Она спала прекрасно. Без сновидений, как убитая. Проснулась, умылась холодной водой, брюки натянула, надела кроссовки, вышла. Он стоял у крыльца. Лицо его за ночь будто обострилось. Она вдруг поразилась, какой он красивый. То есть не то чтобы, конечно, красавец писаный, но ей, она подумала, даже нравится, что нос у него, как клюв, книзу загнутый, волосы на лоб падают, их много, а шея смешная, тонкая-тонкая в сравнении с широченным разворотом костлявых плеч.

— Привет, — сказала она то ли ласково, то ли с издевкой. И по ступенькам вниз спустилась. Он, что ли, ее ждал?..

…Миг длился. Митя постоянно волновался, постоянно вынужден был что-то изобретать: книгу захватывающую приносил, доставал билеты в кино, в театр — и иссякал, и просто топтался у ворот университета, ожидая, когда она появится и, может, остановится, а может, мимо пройдет.

Он, конечно, и виду не подавал, если она на ходу просто кивала. А что, а если он с приятелем встретиться тут договорился? Насвистывал. Она мимо шла. Проходила. Он сжимал зубы. Останавливалась. Он шалел, в нем все ходуном ходило. «У тебя нет случайно конспекта вчерашней лекции Богданова?» — она спрашивала. «К сожалению, нет», — коснеющим языком выговаривал он.

Миг длился.
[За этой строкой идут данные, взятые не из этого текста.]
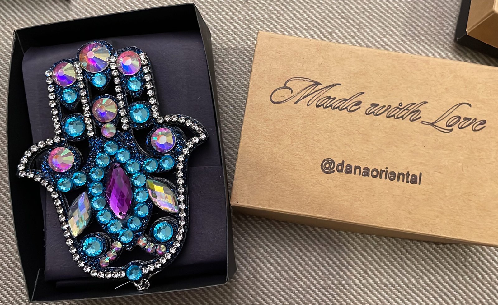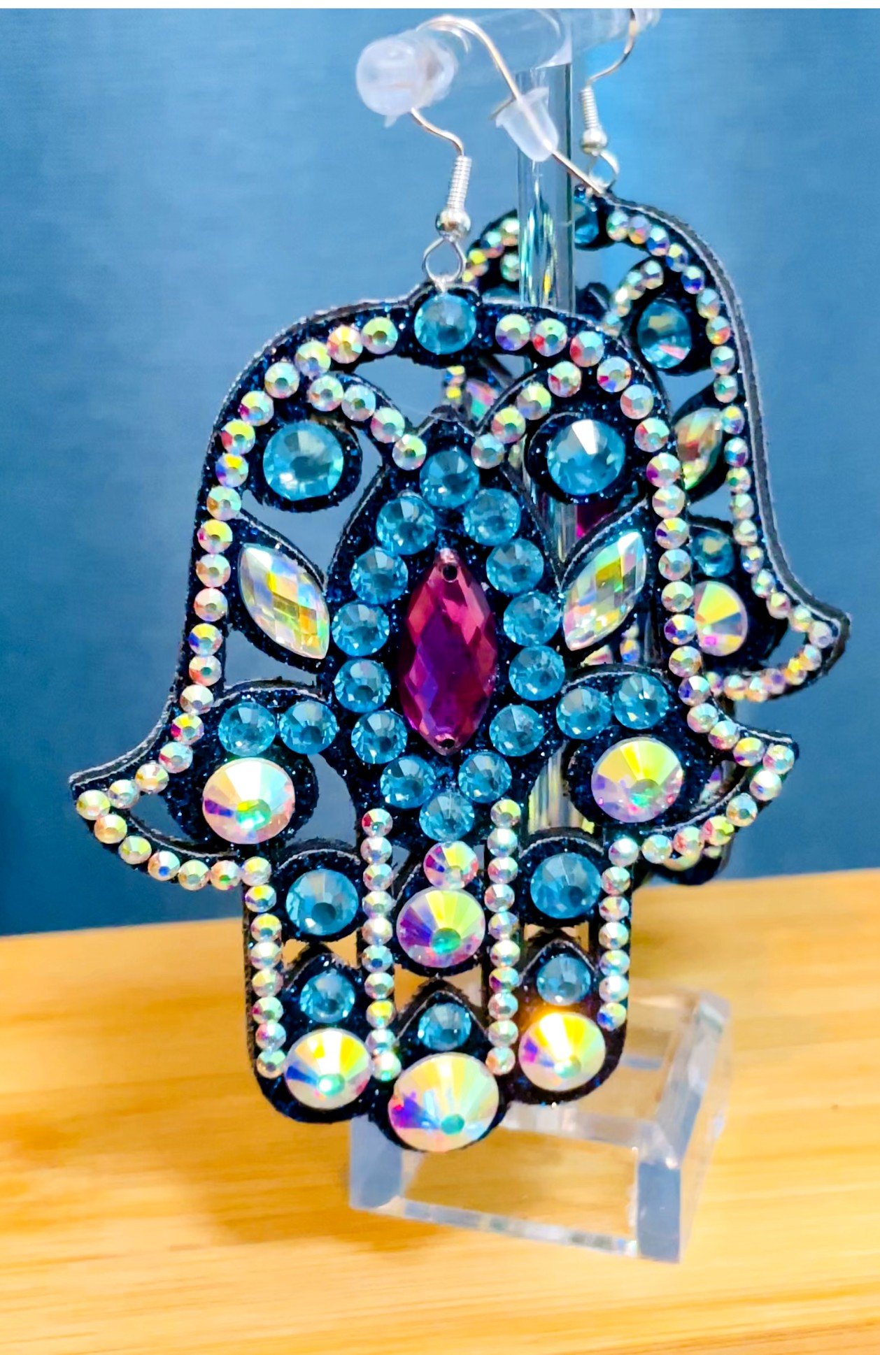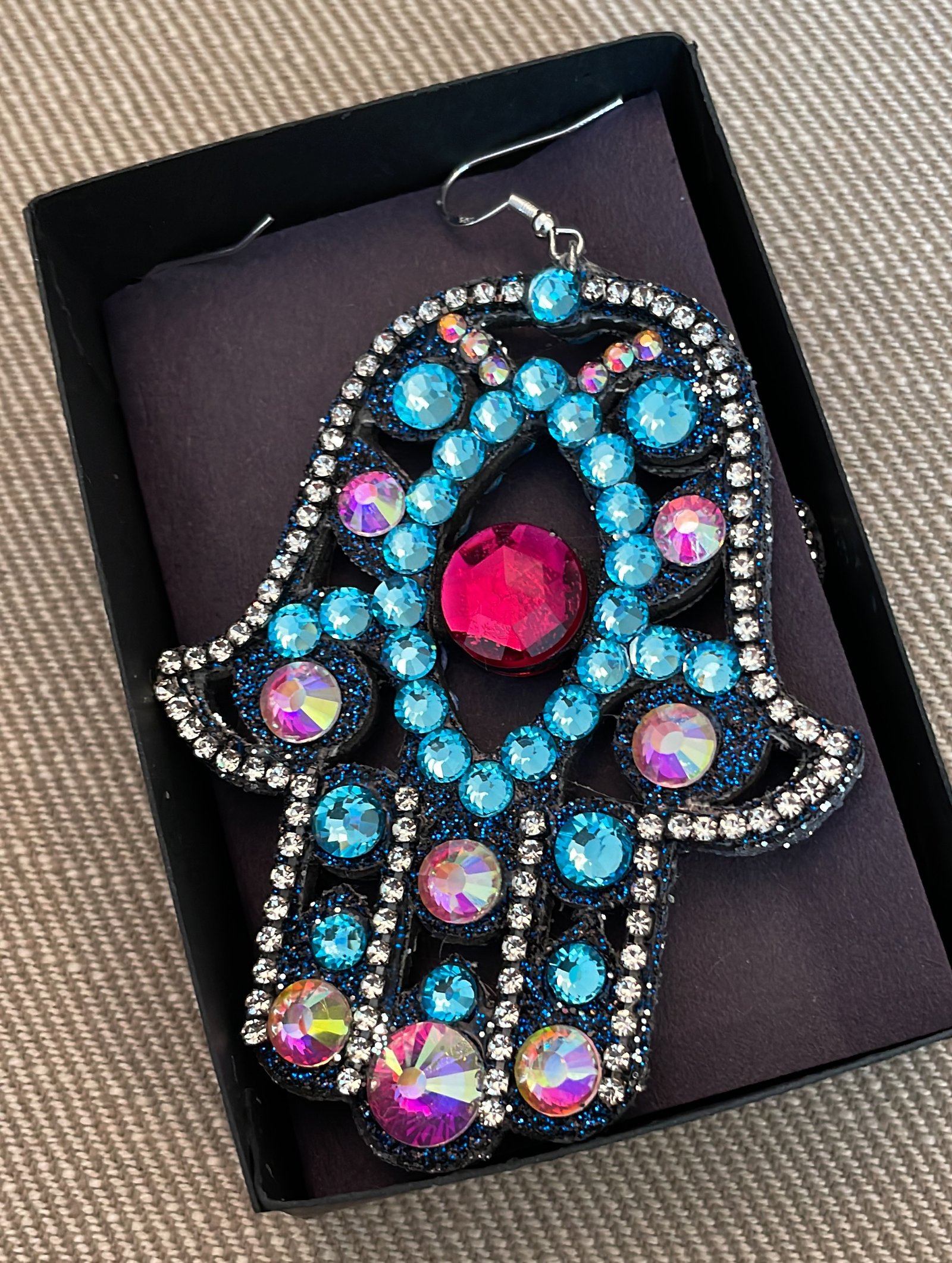 Make a statement with these exquisite hand-made Khamsa or Hamsa earrings, designed to captivate and elevate your style. These earrings offer a beautiful blend of artistry and symbolism, making them perfect for those seeking both beauty and meaning in their accessories. The multi-colored design, adorned with sparkling rhinestones, ensures they will complement a wide array of outfits, making them ideal for casual wear, special occasions, or gifting someone you love.

Он выкрал ее фотографию, крохотную, меньше паспортной, на студенческий билет. Зима гудела, гудела весна, прогудело лето. В ушах шумело, в голове. Он казался себе необыкновенно сдержанным, скрытным. Шагал по проспекту Маркса журавлиным шагом, вскинув лохматую густоволосую голову. Временами догадывался, что катастрофически за этот период поглупел.

Он точно перестал ощущать себя родным сыном своих интеллигентных, высокообразованных родителей. Пугался их вопросов, пугался, что сонливо-бредовой тупостью себя разоблачит. К счастью, они пока ничего не замечали. Папа уехал в командировку в Японию и привез сыну в подарок игрушку — заводного робота.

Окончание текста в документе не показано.